On Thursday, Feb. 21, Licona will discuss “TENDER R/AGE :: RABIA TIERNA,” an original participatory art project that directs attention to the United States’ flawed immigration system and long histories of forced separations and incarcerations. The event is 5:30 to 7:30 p.m. in Maxwell Auditorium. The following morning, Licona will present a registration-only workshop on a type of coalitional community engagement she calls “borderlands activism.” Both events are free and open to the public.

A&S recently caught up with Licona to discuss how “Stories” can help contextualize histories of cruelty inflicted on migrant and refugee children and their families.

“TENDER R/AGE :: RABIA TIERNA"

“TENDER R/AGE :: RABIA TIERNA”

You have said that Audre Lorde, who wrote that our silence does not protect us, was the inspiration for “RABIA TIERNA” [Spanish for “Tender Rage”]. How has your creative project evolved?
It began as a crowdsourcing call to friends to send in photos of themselves as children. Like many project participants, I lived a cage-free childhood, and have always known that caging people was wrong. This project has become a collective outcry against what is happening to children and other migrants at the U.S.-Mexico border.

As someone studying textual and visual rhetoric, I contemplate new ways of seeing, being and relating. Therefore, “TENDER R/AGE” is a collaboration of socially engaged art that intervenes into the horrors of U.S. policy regarding migrants and asylum seekers. At its inception and especially as the project circulates online and as a site-specific exhibition, it becomes relational and coalitional, with distinct localities and other movements for social justice broadly defined.

Family separations are nothing new in the United States.
We have a long, brutal history of them.

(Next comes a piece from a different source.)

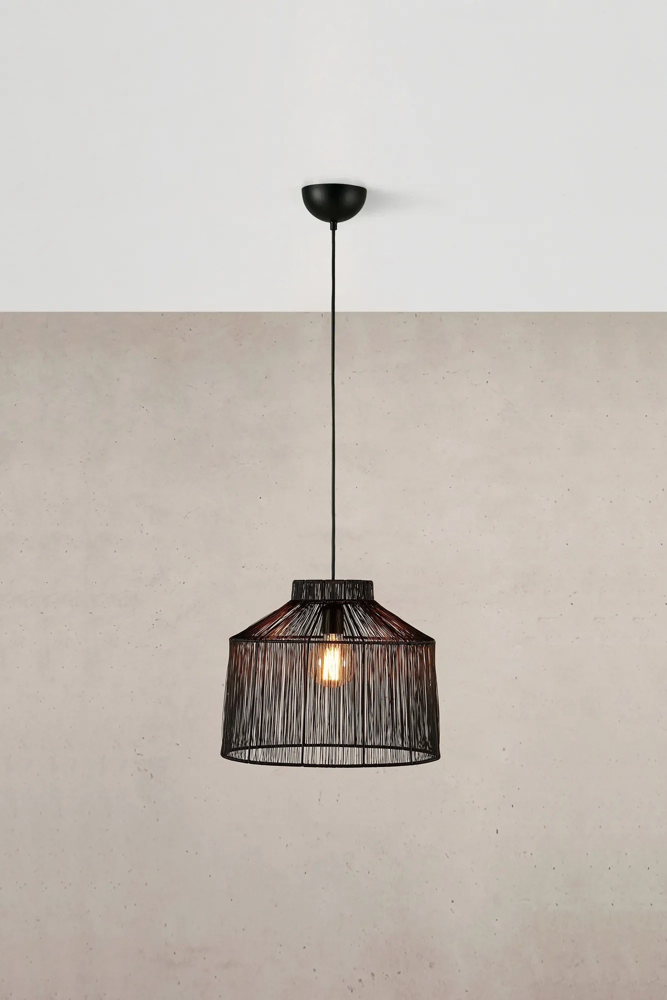 Závěsné svítidlo Markslöjd Capanna v elegantním matném černém provedení je dokonalým příkladem propojení moderního stylu a funkčnosti. Jeho stínidlo tvoří dekorativní kovové dráty, které nejen zvýrazňují tvar svítidla, ale také vytvářejí unikátní světelné efekty a zajímavé stíny v prostoru. Minimalistický vzhled je podtržen černým textilním kabelem a stropní krytkou ve stejném odstínu.

From slavery and government boarding schools to internment camps, the United States has incarcerated and killed many children through imposed or enforced separations.

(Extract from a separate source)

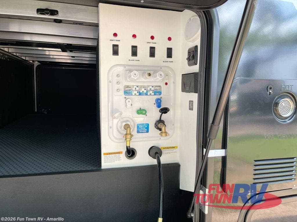 This toy hauler may just be the one you've been looking for! The garage/flex space with fold-away half bath walls will allow you to utilize the garage how you need it, plus there is an adjustable tie-down system, independent dual sofas, plus a loft for storage and a twin bed to sleep more campers! The garage patio with a 1,500 lb. capacity is another feature you are sure to love, especially with its own awning to keep you protected from the elements. Head to the kitchen to prepare meals with a 24" GE oven with a four burner range, a GE microwave with an air fryer, plus a spacious GE Energy Star 19 cu. ft. refrigerator. The island with two stools will let others visit with you while you cook, and there are even hidden dog bowls. You'll find the convertible dining table/L-desk will be accommodating since it can be use to dine at, and to get some work done. You may just find yourselves spending most of your time on the U-sofa in front of the TV and fireplace. A full bath is up front by the bedroom, and here you'll find neon shower lighting, a residential shower system, and pull-out linen storage to keep towels ready to use. After a day outdoors you'll love nothing more than coming back to your own bedroom with a king bed slide out, TV, a walk-in closet, and many more storage spaces. And we haven't even touched on the exterior features, like the 3-way pass-through storage, three power awnings, an air compressor to fill up tires, and the list goes on and on! This is a pre-production preview, all features and layout placement subject to change.

We are witnessing the proliferation of a for-profit industry that is unfolding before our eyes, but also stays purposely obscured from us. “Tender-age facilities” are prisons. They are a multi-billion dollar industry in the United States.

This proliferation is taking place in what I call a “regime of distortion,” where the current administration cultivates fear and suspicion through dehumanizing and criminalizing rhetorics. This brings me to the role of the humanities.

That role is—
Formulating tough questions beyond the how, how many and why of any given practice—in this case, issues of migration and asylum.

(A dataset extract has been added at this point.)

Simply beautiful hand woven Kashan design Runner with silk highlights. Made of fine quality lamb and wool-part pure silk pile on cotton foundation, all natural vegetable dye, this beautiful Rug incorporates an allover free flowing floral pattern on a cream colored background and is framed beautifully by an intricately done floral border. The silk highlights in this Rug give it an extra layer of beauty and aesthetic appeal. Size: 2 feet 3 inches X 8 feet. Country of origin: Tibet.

We can sketch the most pressing issues of our time with data, but the ethical, moral and human rights dimensions [of these issues] must be interrogated and reimagined through a creative and critical humanistic approach. It’s at times like these that I look first to the poets among us.

child's hands on chain link fence

(Sakhorn/shutterstock.com)

What do you say to people who think illegal border-crossers deserve punishment?
Rather than seeing these separations as a form of punishment, I see them as enactments of simultaneous torture—for the child and the adult. I believe the cries of the children we have heard from the prisons are a call to collective action. They are calling us to do something.

I am fortified by the many writers, thinkers, artists, scholars and music makers who turn their creative and critical attentions toward imagining a world of broad justice, one free from domination. They include [writer] Octavia Butler, who didn’t shy away from the ugliest truths about humanity; [cultural theorist] Gloria Evangelina Anzaldúa, who reminded us that the pen can be used as a sword in the fight for social justice; and [writer] Toni Morrison, who believes writing helps civilizations heal.

I hope my time at Syracuse inspires meaningful conversations and that, together, we might imagine new strategies and practices for collectively being.